Never fear, in the kingdom of Malta you are never a five-minute drive away from a Lidl supermarket, your new corner food store, your new local green grocer and butcher and baker, with ample parking for your new, second-hand Range, all rolled into one.

You would expect a country the size of a pebble could do with one, maximum two Lidl supermarkets. Since their first store opening in 2008, Lidl now boast eight generic uniformed mega stores, with a ninth on its way to grace the outskirts of Żebbuġ.

From my home village, I am spoilt for Lidl choice: Lidl Luqa, Lidl Qormi and,  just in case I can’t find the generic and low-cost item at either store, I don’t need to worry because I will soon be able to find it a few kilometres away in Lidl Żebbuġ. I’m never more than a five-minute drive to the nearest €10 Chablis. #Winning.

Whoever the local representatives of Lidl Malta are, they must be soulless greed-mongers as well as equally thick. How can so many identical mega stores built in such close proximity be a good business plan? We all know about cornering the market but this is not only silly, it is irresponsible.

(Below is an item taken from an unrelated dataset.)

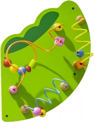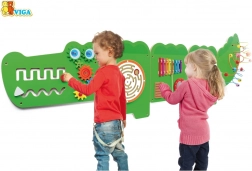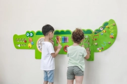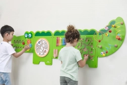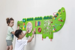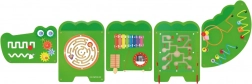 Le tableau mural Crocodile, divisé en cinq parties, propose aux enfants diverses activités : partie tête avec labyrinthes et engrenages, labyrinthe circulaire avec bille, panneau musical avec xylophone coloré et surface à gratter, labyrinthe magnétique avec deux stylos magnétiques, et queue avec trois parcours de perles 3D. Chaque section stimule une compétence différente et incite les enfants à explorer.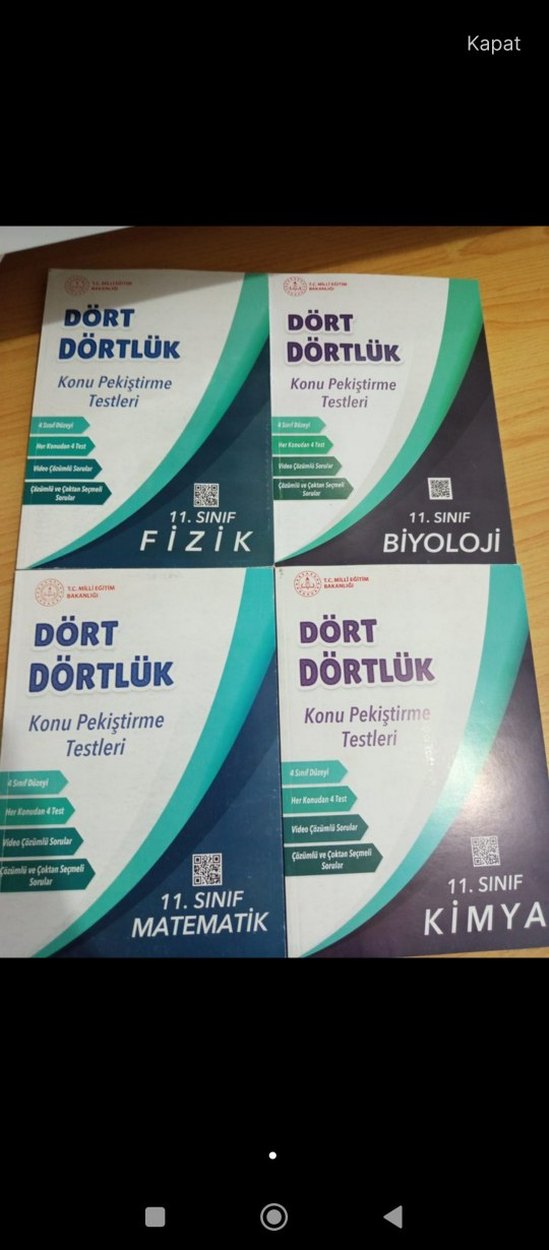 11. sınıf Fizik, Biyoloji, Matematik ve Kimya konu pekiştirme testlerini içeren dört kitaplık set. Çözümlü ve çoktan seçmeli sorular bulunur.

Perplexed, I asked a friend in finance: “How can this business model even work? Aren’t they choking themselves out with so many of their own stores competing in such a small space?” He laughed and said: “It’s the land… the land that they get to develop on is the prize.” Penny drop. “Who’s the thick one now,” I thought to myself.

It’s the land… the land that they get to develop on is the prize

Soon, everywhere you look in Malta you’ll be faced by that bright blue and yellow logo, signalling to your closest church to cheap commodity. Replacing all the local village shops and their unique store fronts (some of which are generations old and works of art in their own right) with a Lidl or some generic chain will kill important parts of the soul of society.

This doesn’t seem to concern the ‘decision-taking’ Minister for the Environment, Climate Change and Planning, Aaron Farrugia. You have only to look at his plastic plans for Romeo Romano Gardens, in Santa Venera to see that the man has never spent a moment of his life surrounded by nature.

It is ‘sad and pathetic’ to see environment minister after environment minister systematically fail to grasp the catas­trophic ramification of their incompetence and glad-handing. And this social media savvy iteration is no better. Watching him fail to juggle his contradictory portfolio would be hilarious if not for the dire consequences. On paper, environment and planning make logical bedfellows but, in reality, it is an abusive relationship in which the environment is the victim, only to bare toxic fruit.

The only way this relationship would ever work would be if planning was the submissive partner but we all know how impossible that is, with the likes of the Sandro Chetcutis and Silvio Debonos of the island.

It’s 2067 and a family sit in their blue and yellow seats, on a high-speed blue and yellow painted plane. The parents flip through the inflight magazine, checking out all the latest deals and bargains, while the children play in their VR sets. The intercom buzzer goes off: “This is your captain speaking. We will be landing at Lidl Malta shortly. Thank you for flying LidlAir. Don’t forget to keep your masks on as you disembark.”

The climate in the Mediterranean has become almost uninhabitable. The air outside is hot, it is physically unbearably hot, 47 degrees Celsius in the shade. The shoppers are quickly herded from the plane into the vast climate-controlled Lidl store that once was the Republic of Malta.

The government has been replaced by management and HR, while what’s left of the Maltese populace stock the shelves, man the tills and maintain the Lidl multi-storey car park, Lidl seaport and Lidl airport. We’ll probably even sell passports from the aisle next to the hams.

Damn me if we don’t deserve it at the rate we’re going.